Leap Year (2010/I) (PG)

Review Date: January 5th, 2011

The majesty of the Emerald Isle is on full display in Leap Year, an opposites attract romantic comedy starring Amy Adams (Julie & Julia, Enchanted) and Matthew Goode (A Single Man, Watchmen). Director Anand Tucker (Shopgirl, Hilary and Jackie), shooting entirely on location in Ireland, takes us on a whirlwind tour of the country's breathtaking landscape, reveling in its fabled fairy-tale charm.

Pity, then, that such a magnificent setting is so mercilessly defaced by Leap Year's unrelenting mediocrity. The film's dubious premise, testing the already loose limits of rom-com believability, casts Adams as Anna, a type-A career girl who flies to Ireland intending to pop the question to her feet-dragging boyfriend on February 29th, aka Leap Day. Why Leap Day? Because, according to some idiotic old Irish tradition, that's when women are allowed to do such things. (Click here to watch Adams herself try to explain the plot.)

Unfortunately for Anna, weather problems force her plane to land far away from Dublin and her would-be fiance.

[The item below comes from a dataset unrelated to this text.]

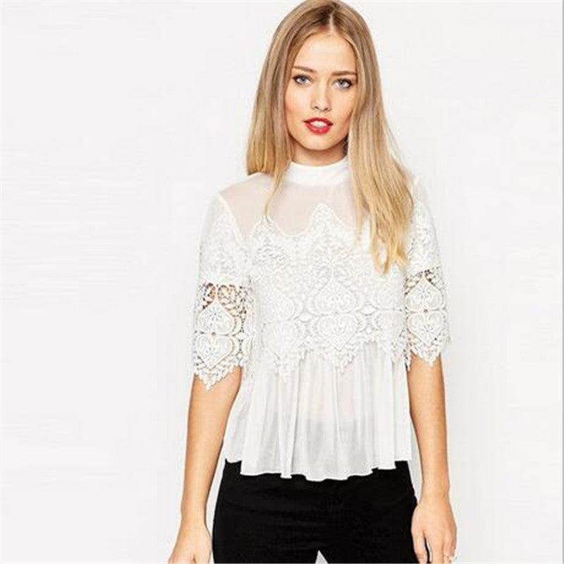 2016 New Hot Sale Women Blouse Stand 3/4 Tee Shirt Chiffon Casual Blouses Lace Fashion Plus Size Blusas 70656
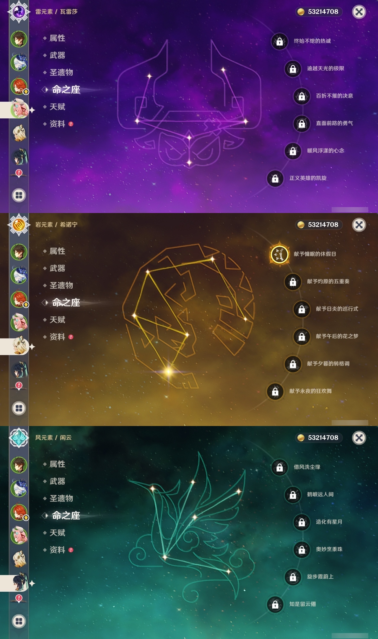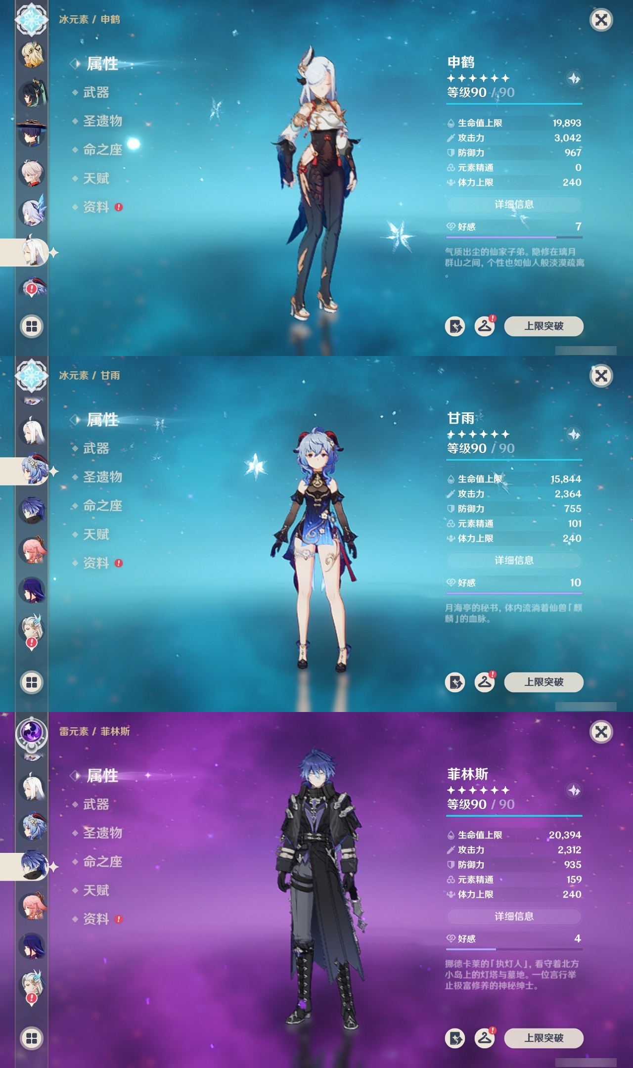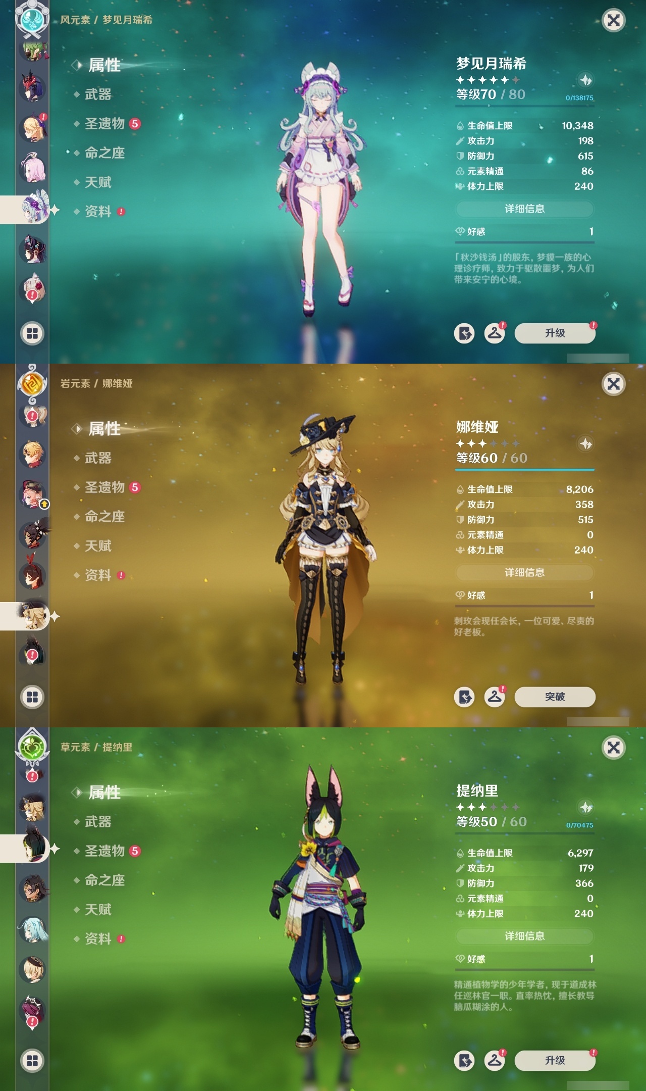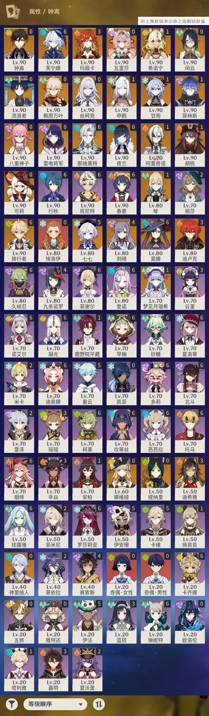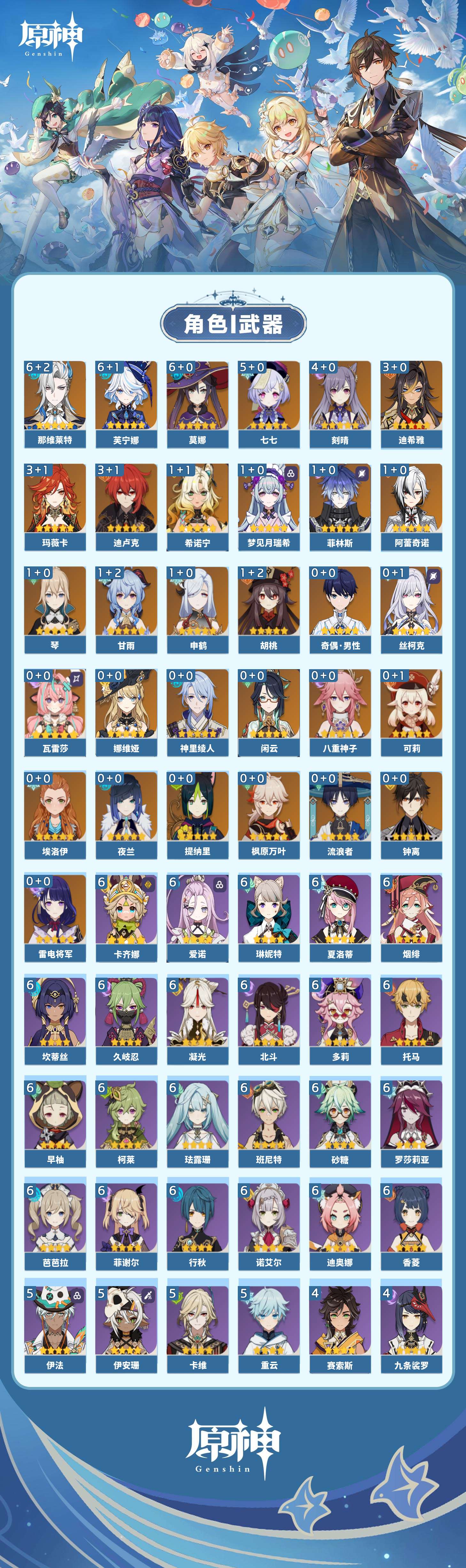 【原神】满命,冒险等级:60,五星数量:46,五星角色:那维莱特 6命芙宁娜 6命莫娜 6命七七 5命刻晴 4命玛薇卡 3命迪希雅 3命迪卢克 3命希诺宁 1命梦见月瑞希 1命阿蕾奇诺 1命菲林斯 1命甘雨 1命胡桃 1命琴 1命申鹤 1命钟离瓦雷莎八重神子神里绫人夜兰娜维娅提纳里闲云丝柯克流浪者枫原万叶可莉雷电将军__五星武器:万世流涌大典 2精阿莫斯之弓 2精风鹰剑 2精护摩之杖 2精岩峰巡歌祭星者之望焚曜千阳静水流涌之辉苍耀狼的末路四风原典天空之刃天空之翼终末嗟叹之诗__四星角色:卡齐娜 6命班尼特 6命行秋 6命香菱 6命久岐忍 6命珐露珊 6命凝光 6命迪奥娜 6命砂糖 6命坎蒂丝 6命多莉 6命柯莱 6命芭芭拉 6命早柚 6命托马 6命烟绯 6命诺艾尔 6命罗莎莉亚 6命菲谢尔 6命北斗 6命琳妮特 6命夏洛蒂 6命爱诺 6命卡维 5命重云 5命伊法 5命伊安珊 5命九条裟罗 4命赛索斯 4命瑶瑶 3命云堇 3命蓝砚 3命辛焱 3命嘉明 3命莱依拉 2命米卡 2命雷泽 2命菲米尼 2命夏沃蕾 2命鹿野院平藏 1命绮良良 1命塔利雅 1命埃洛伊奇偶·女性奇偶·男性欧洛伦五郎

Trapped in a tiny coastal town with no reliable transportation at her disposal, she enlists the help of a scruffy, abrasive barkeep named Declan (Goode) to drive her cross-country so she can reach her destination by the 29th. And thus begins the traditional rom-com mating ritual of sexually-charged bickering followed by moments of abrupt, awkward intimacy.

While watching Leap Year, I swear I could hear the Irish countryside quietly weeping as it witnessed Goode and Adams slog through the film's succession of trite misadventures, the talented actors straining in vain to manufacture some semblance of romantic chemistry as an assortment of jolly Waking Ned Devine types futilely spurred them on. Oh, if only Greenpeace could have intervened and put a halt to such wanton environmental desecration. It's the worst thing to come out of Ireland since The Cranberries.

Hollywood.com rated this film 1 star.